You know how you wish some stories would have been told differently? Whether it be in tone or structure, you can see the hint of an intriguing plot and interesting characters in it and what might have made this appealing to actors and a director on the page? Well, "Dream House" is about the epitome of that. For the first half hour or so I really began to wonder what such credible actors as Daniel Craig, Rachel Weisz, and Naomi Watts saw in such material. Not to mention the waste that is Elias Koteas in a bit part. But despite the pace somewhat picking up and the conclusion being slightly more satisfying than I expected after the first hour drug by, "Dream House" still feels like a mess of a film that had all the right in the world to be much better than it is, but it simply just...isn't. Craig gives a solid performance and I know he is starring in a big murder mystery later this year as the lead in David Fincher's American "Girl with the Dragon Tattoo" but that is what this film needed to be. A man, accused of murder who can't remember if he killed his family or not and may or may not be psychotic goes searching for clues as to what actually happened. Then again, that would be "Memento" mixed with "Shutter Island" and while those are fine films it just makes it obvious there was nothing fresh about this idea in the first place and thus no need for it at all.

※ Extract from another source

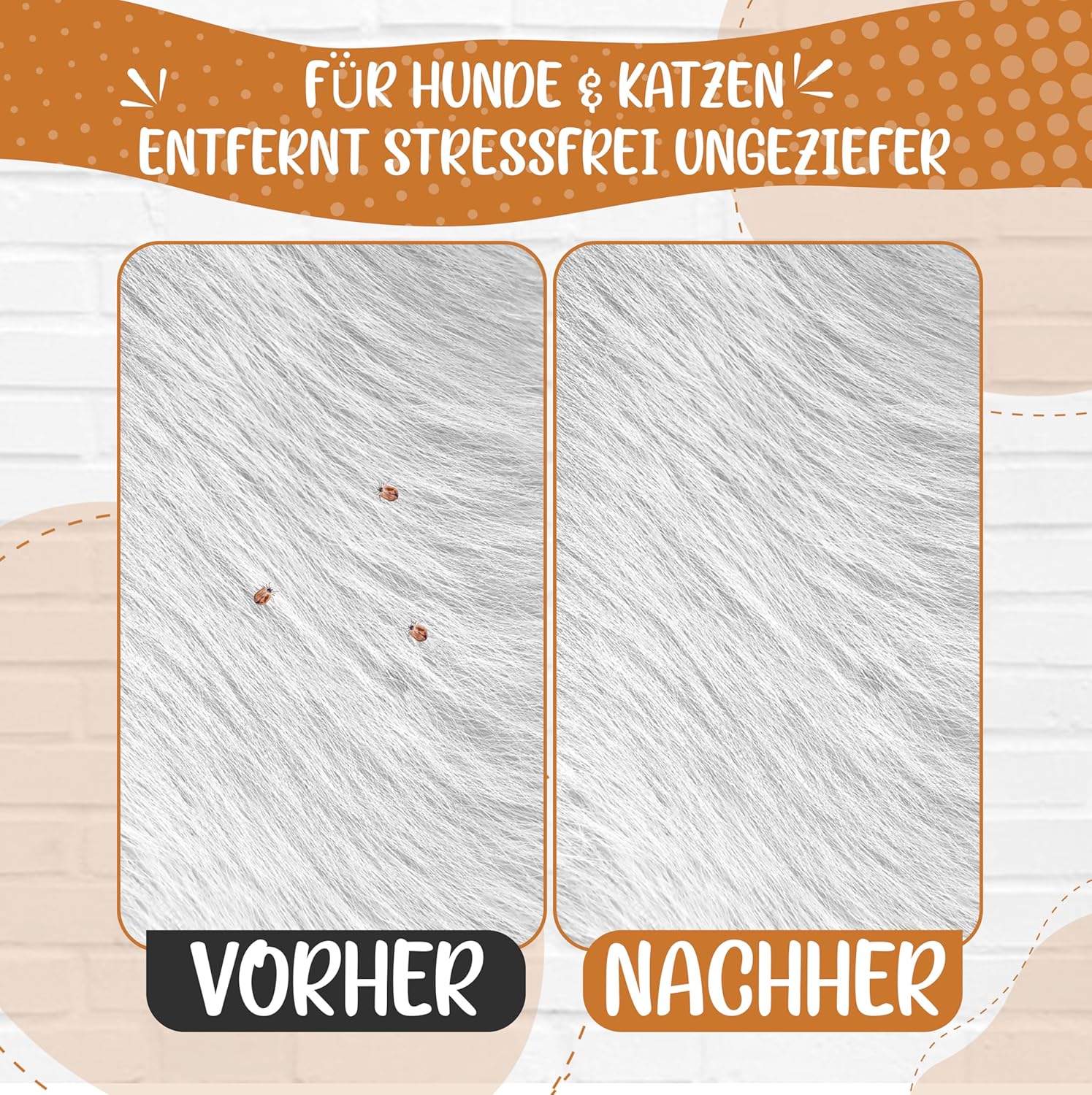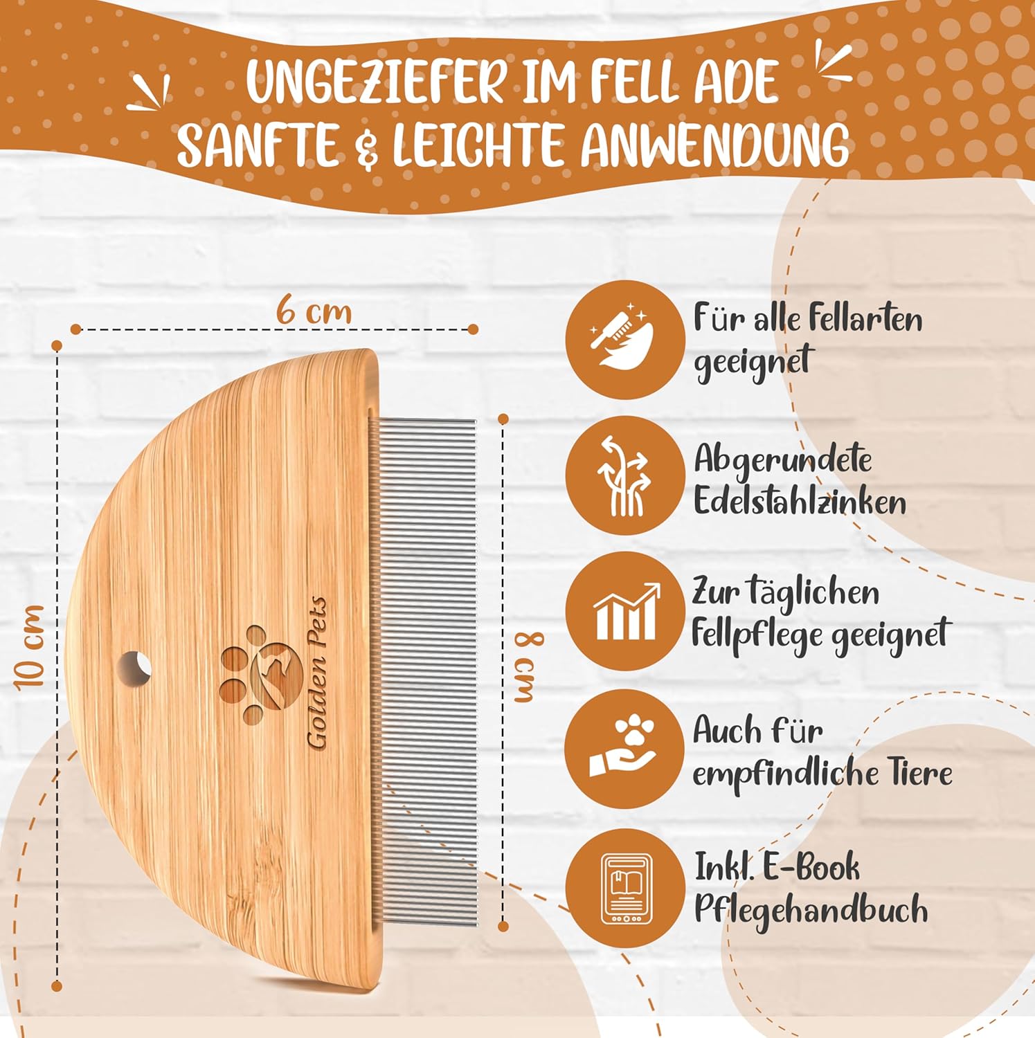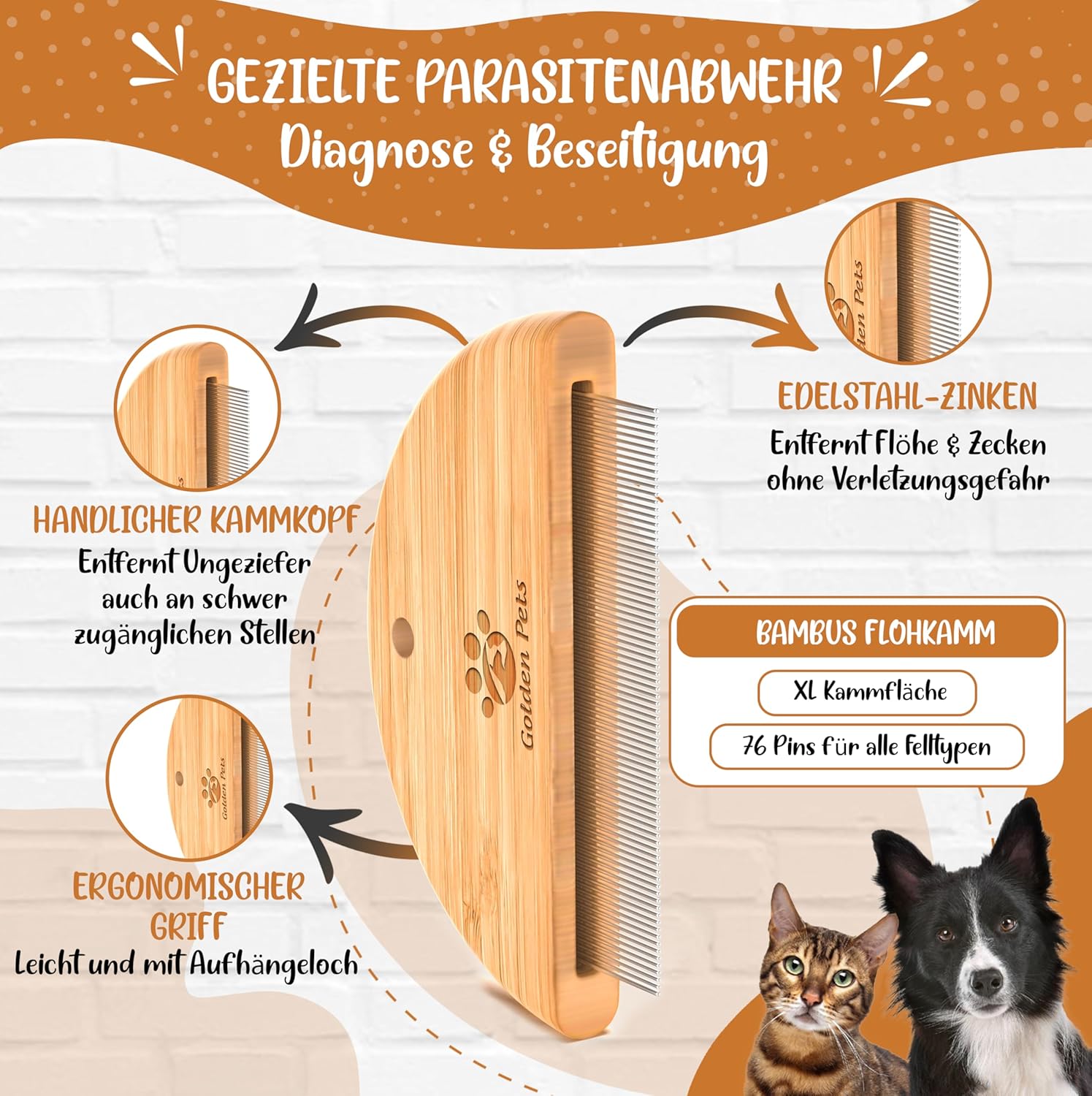 За най-добри резултати използвайте гребена след нанасяне на шампоан против бълхи, препарат против бълхи или спрей против бълхи. Гребенът е подходящ за кучета и котки с всякаква дължина на козината. Моля, обърнете внимание, че гребенът има 68 близко разположени, въртящи се, специално заоблени зъба от неръждаема стомана. Използвайте гребена, като работите от върховете на косъма нагоре, за да разплетете косъма и да премахнете паразитите.

Will (Daniel Craig) and Libby (Rachel Weisz) are
concerned when their daughters see someone outside. 
The story (as if you don't already know all of it from the trailer) centers around Craig's Will Atenton who quits a job in publishing in the city to relocate his family to a small, peaceful New England town. With Weisz playing the loving wife role and two cute daughters at home as well, Will is living the dream as he works on his novel by day and spends more time with his family than ever granted before. Of course, this trying to be the horror film its advertised to be, things start to get a little strange. Too bad none of it actually elicits any genuine scares as they seem more a distraction to the usually reliable director Jim Sheridan, than critical moments that aid the plot of the story. Sheridan has worked countless times with Daniel Day-Lewis and made charming films like "In America" and solid dramas such as 2009's "Brothers". The man also made "Get Rich or Die Tryin'" though and here again seems to be plodding through a pointless script for the paycheck. Even in interviews Sheridan seems to be lackluster about his passion for the project acknowledging that while slightly more art house in its nature, you have probably seen this film before. I couldn't agree more.

Will's neighbor Ann (Naomi Watts) knows more than
she wants too in "Dream House".
The story is set up so that Will and his family learn of the murders and are surprised that such brutal crimes were committed at their idyllic home. As I said though, if you have seen the trailer you know all of this as well as the major twist at the center of it. Why the producers decided to divulge so much information in the trailers could only mean they didn't have much faith in the film without that hook, and even in promising that wasn't the biggest twist in the film, I think we all knew. Even if we had no idea, it is apparent early on the wife and children never leave the grounds of the house and that they are in fact figments of our protagonist's imagination. This is only confirmed when Naomi Watts, playing the estranged neighbor across the street, shows up and looks strangely at Will as he talks to his family. And I do apologize if you think by reading this I am spoiling this film for you, but honestly if you had any intention of seeing it you would have known as well as I before entering the theater that this is where it was heading. I will give "Dream House" this though, and that is I was pleasantly surprised by the enlightening epiphany Will reaches at the end of the film rather than the cliched cheap scare or easy out. The film does respect his character and everything he has gone through, but still, this last ditch effort doesn't erase the fact I wasted an hour and a half on the rest of it.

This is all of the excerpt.